BEGIN
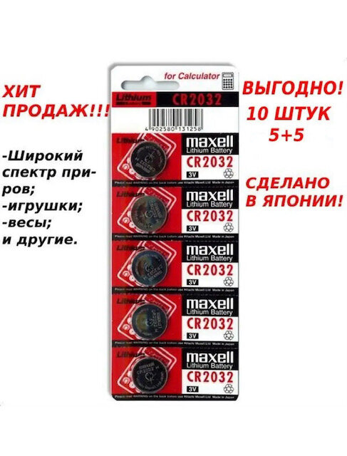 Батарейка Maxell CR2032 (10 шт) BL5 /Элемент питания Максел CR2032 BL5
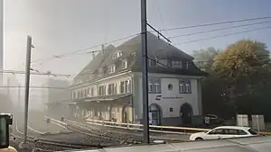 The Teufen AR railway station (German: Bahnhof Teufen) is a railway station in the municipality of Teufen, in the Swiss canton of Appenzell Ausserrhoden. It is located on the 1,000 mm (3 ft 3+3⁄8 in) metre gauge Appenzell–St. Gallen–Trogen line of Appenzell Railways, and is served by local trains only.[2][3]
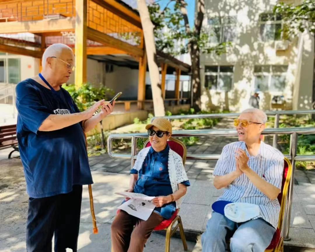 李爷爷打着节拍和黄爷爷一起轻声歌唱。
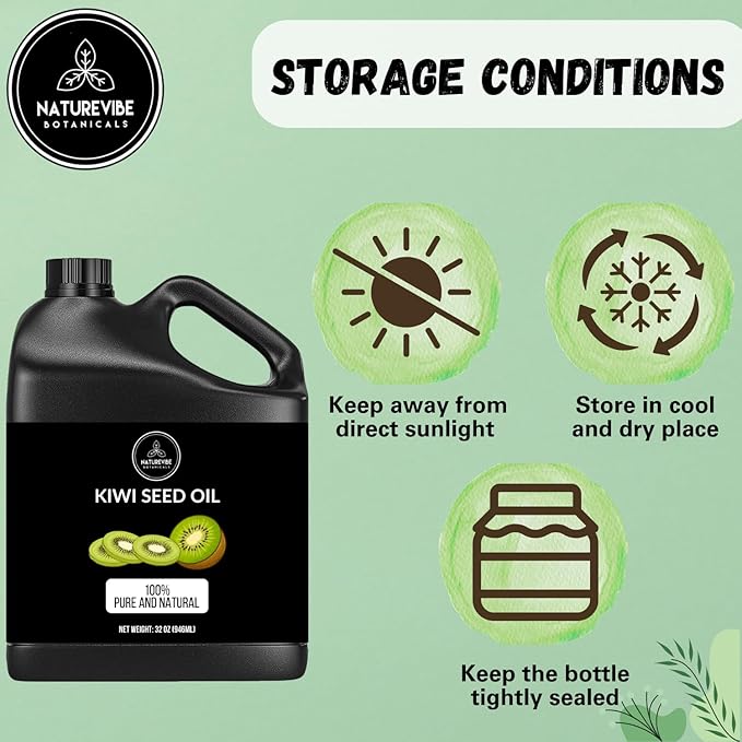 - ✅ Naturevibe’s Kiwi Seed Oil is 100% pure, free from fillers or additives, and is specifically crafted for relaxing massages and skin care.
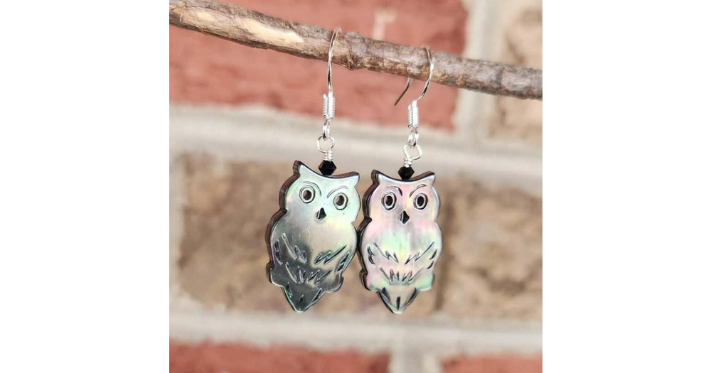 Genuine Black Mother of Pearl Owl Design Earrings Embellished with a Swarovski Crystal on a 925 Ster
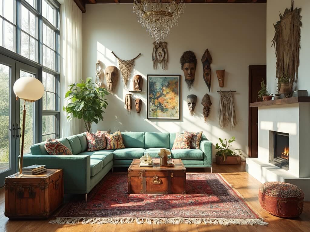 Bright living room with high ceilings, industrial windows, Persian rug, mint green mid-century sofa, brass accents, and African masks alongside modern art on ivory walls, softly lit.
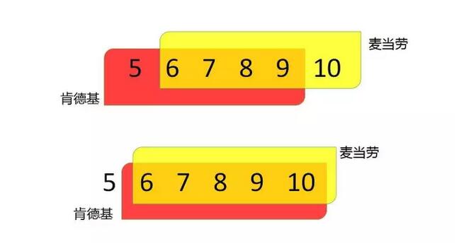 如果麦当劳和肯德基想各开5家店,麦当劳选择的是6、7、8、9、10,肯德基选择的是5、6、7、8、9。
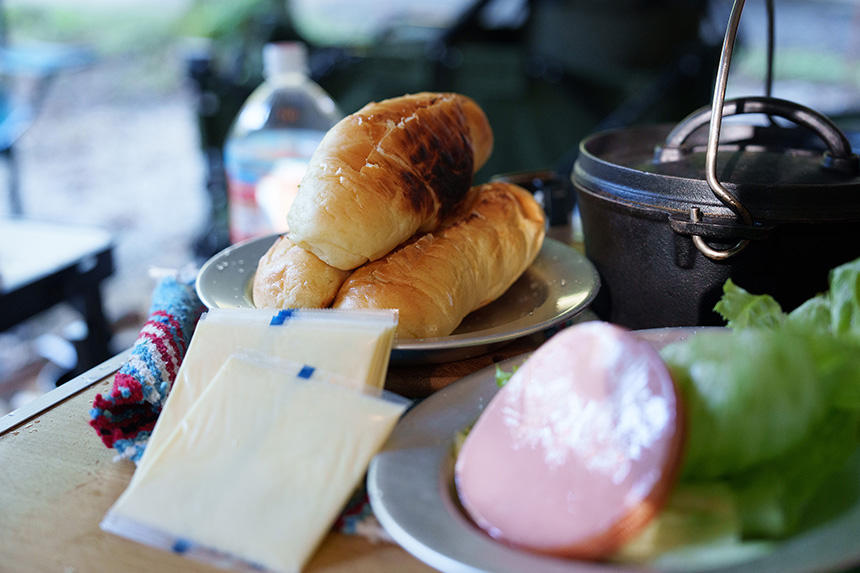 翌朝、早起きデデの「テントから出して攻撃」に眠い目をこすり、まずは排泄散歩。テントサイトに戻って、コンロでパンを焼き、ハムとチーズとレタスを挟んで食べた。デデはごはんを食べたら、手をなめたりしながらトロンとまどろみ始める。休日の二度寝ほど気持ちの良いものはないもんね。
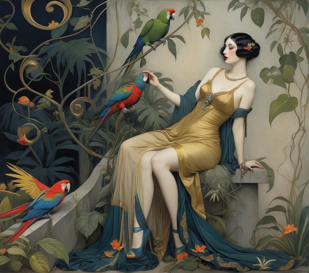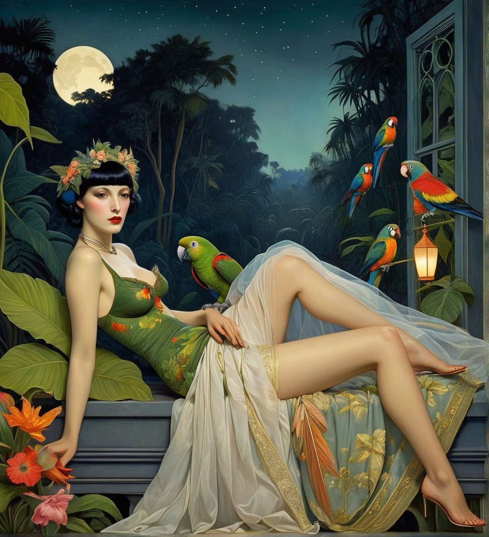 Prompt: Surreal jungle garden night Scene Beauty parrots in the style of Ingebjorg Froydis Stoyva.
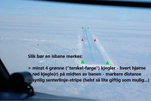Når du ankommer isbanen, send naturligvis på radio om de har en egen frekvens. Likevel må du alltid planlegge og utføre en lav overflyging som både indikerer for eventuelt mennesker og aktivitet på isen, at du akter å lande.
END
- **ASSIGNMENT**: Only the lines from the start of the records above through the line containing "李爷爷打着节拍和黄爷爷一起轻声歌唱。" should be returned, exactly and with both ends, please; the pictures stay out.

- **EXERCISE RESPONSE**:
 Батарейка Maxell CR2032 (10 шт) BL5 /Элемент питания Максел CR2032 BL5
 The Teufen AR railway station (German: Bahnhof Teufen) is a railway station in the municipality of Teufen, in the Swiss canton of Appenzell Ausserrhoden. It is located on the 1,000 mm (3 ft 3+3⁄8 in) metre gauge Appenzell–St. Gallen–Trogen line of Appenzell Railways, and is served by local trains only.[2][3]
 李爷爷打着节拍和黄爷爷一起轻声歌唱。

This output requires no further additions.